Assignment - What is needed is an exact copy of the lines from the start of the records below through the line with "今年是中华人民共和国成立70", without the pictures.

Information given -
* * *
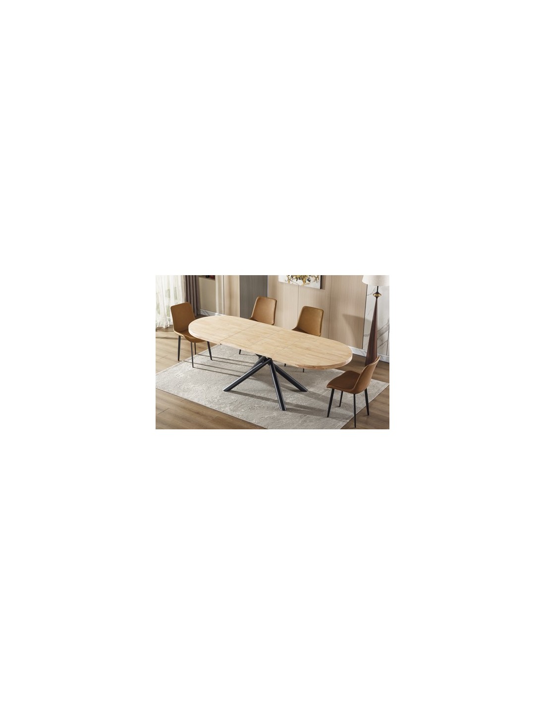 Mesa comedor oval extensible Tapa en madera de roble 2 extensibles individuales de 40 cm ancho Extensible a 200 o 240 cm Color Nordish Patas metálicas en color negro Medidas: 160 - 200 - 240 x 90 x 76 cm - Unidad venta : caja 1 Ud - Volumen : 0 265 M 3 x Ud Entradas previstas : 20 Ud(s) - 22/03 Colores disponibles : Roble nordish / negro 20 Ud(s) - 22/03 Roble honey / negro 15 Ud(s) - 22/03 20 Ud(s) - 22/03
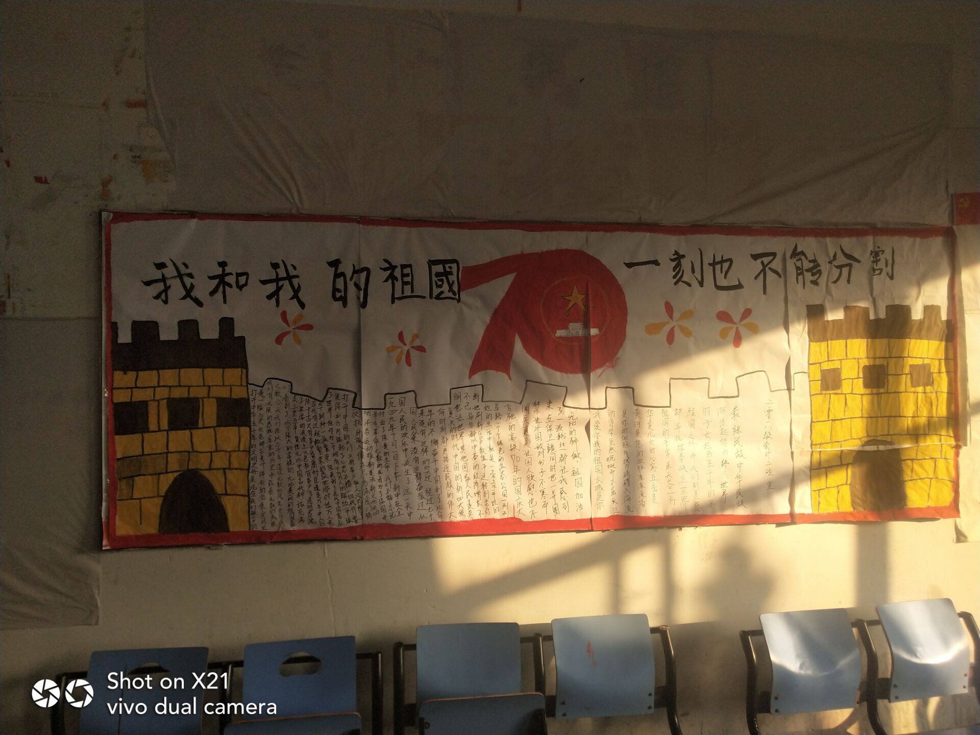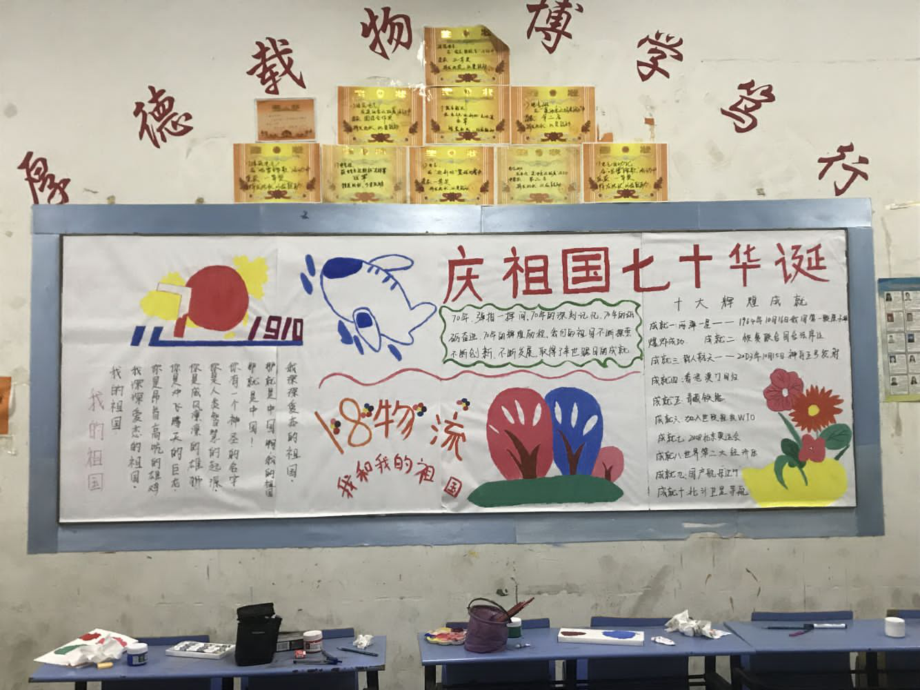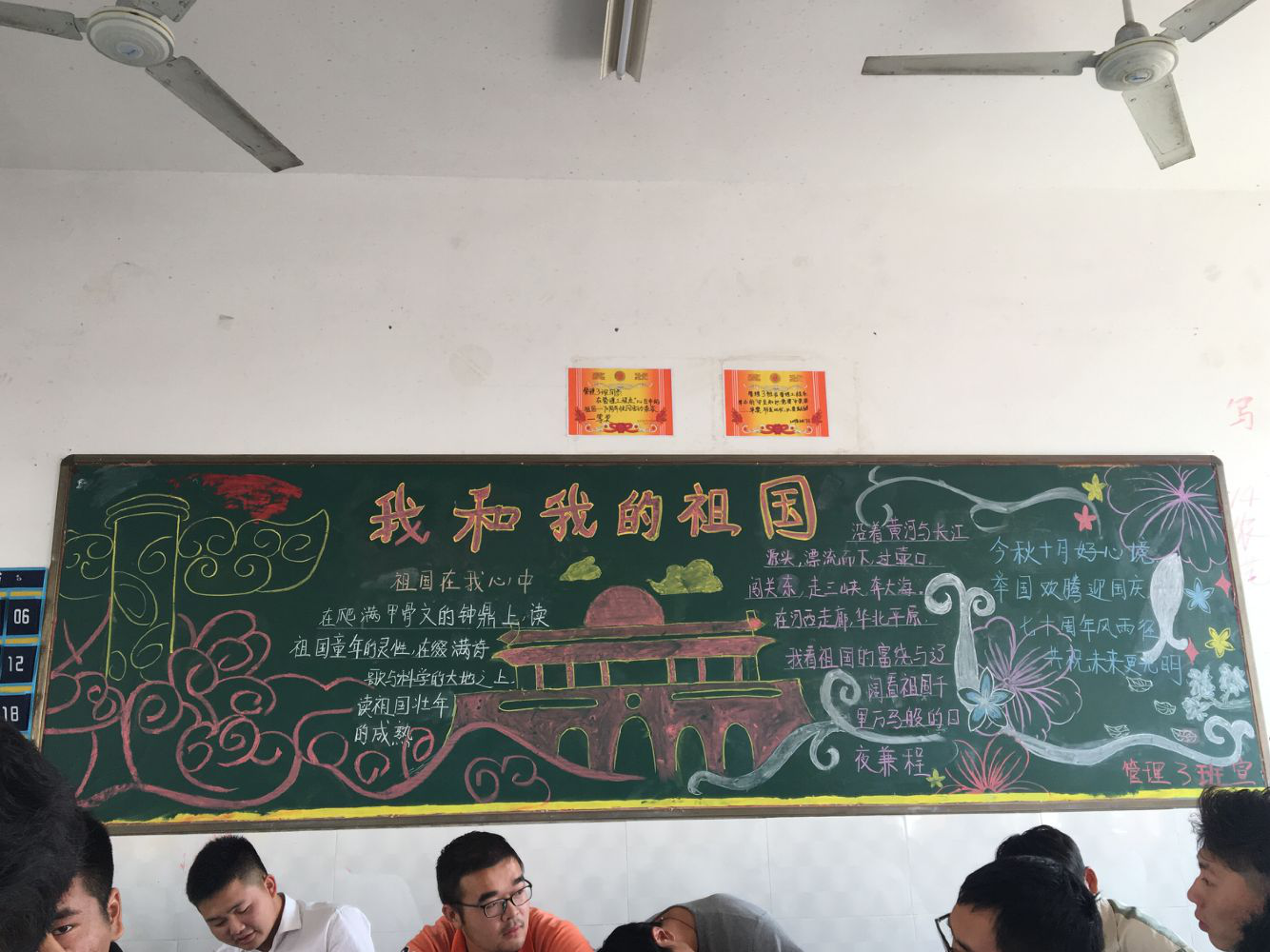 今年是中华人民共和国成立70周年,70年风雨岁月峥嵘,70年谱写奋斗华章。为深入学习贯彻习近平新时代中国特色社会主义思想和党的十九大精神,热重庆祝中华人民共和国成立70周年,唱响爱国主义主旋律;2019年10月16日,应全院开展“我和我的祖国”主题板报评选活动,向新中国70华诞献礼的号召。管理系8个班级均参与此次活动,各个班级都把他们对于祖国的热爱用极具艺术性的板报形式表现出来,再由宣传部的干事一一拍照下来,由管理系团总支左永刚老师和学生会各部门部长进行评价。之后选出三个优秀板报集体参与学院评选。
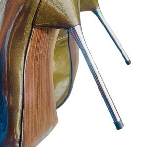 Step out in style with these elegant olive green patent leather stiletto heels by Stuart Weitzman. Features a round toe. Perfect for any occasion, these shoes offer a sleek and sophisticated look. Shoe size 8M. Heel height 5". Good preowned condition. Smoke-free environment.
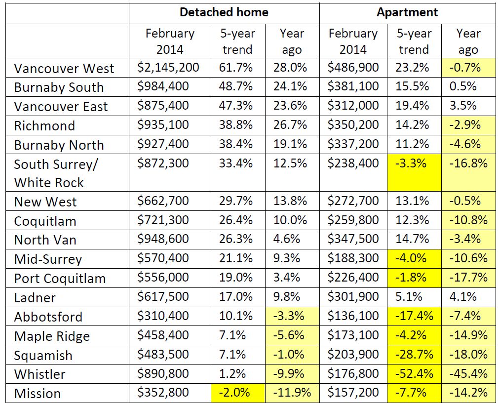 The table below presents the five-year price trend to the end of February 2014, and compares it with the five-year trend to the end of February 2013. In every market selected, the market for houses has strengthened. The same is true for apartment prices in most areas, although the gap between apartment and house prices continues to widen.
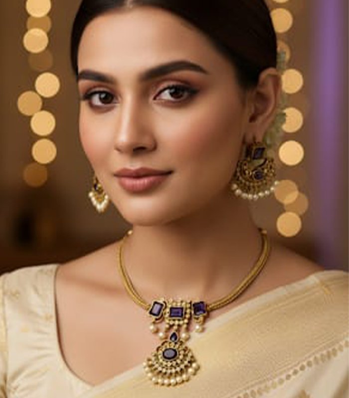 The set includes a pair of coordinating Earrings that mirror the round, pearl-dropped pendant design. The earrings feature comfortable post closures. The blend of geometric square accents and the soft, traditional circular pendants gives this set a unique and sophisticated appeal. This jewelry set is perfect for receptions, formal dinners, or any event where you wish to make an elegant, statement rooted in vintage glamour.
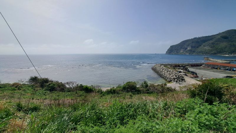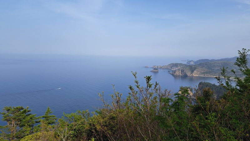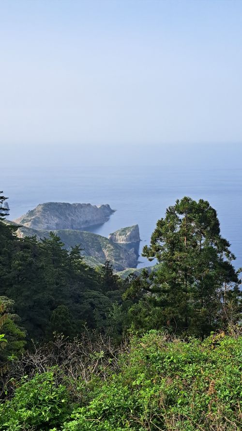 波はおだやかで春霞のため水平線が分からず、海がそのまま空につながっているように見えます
* * *
Written response -
 Mesa comedor oval extensible Tapa en madera de roble 2 extensibles individuales de 40 cm ancho Extensible a 200 o 240 cm Color Nordish Patas metálicas en color negro Medidas: 160 - 200 - 240 x 90 x 76 cm - Unidad venta : caja 1 Ud - Volumen : 0 265 M 3 x Ud Entradas previstas : 20 Ud(s) - 22/03 Colores disponibles : Roble nordish / negro 20 Ud(s) - 22/03 Roble honey / negro 15 Ud(s) - 22/03 20 Ud(s) - 22/03
 今年是中华人民共和国成立70周年,70年风雨岁月峥嵘,70年谱写奋斗华章。为深入学习贯彻习近平新时代中国特色社会主义思想和党的十九大精神,热重庆祝中华人民共和国成立70周年,唱响爱国主义主旋律;2019年10月16日,应全院开展“我和我的祖国”主题板报评选活动,向新中国70华诞献礼的号召。管理系8个班级均参与此次活动,各个班级都把他们对于祖国的热爱用极具艺术性的板报形式表现出来,再由宣传部的干事一一拍照下来,由管理系团总支左永刚老师和学生会各部门部长进行评价。之后选出三个优秀板报集体参与学院评选。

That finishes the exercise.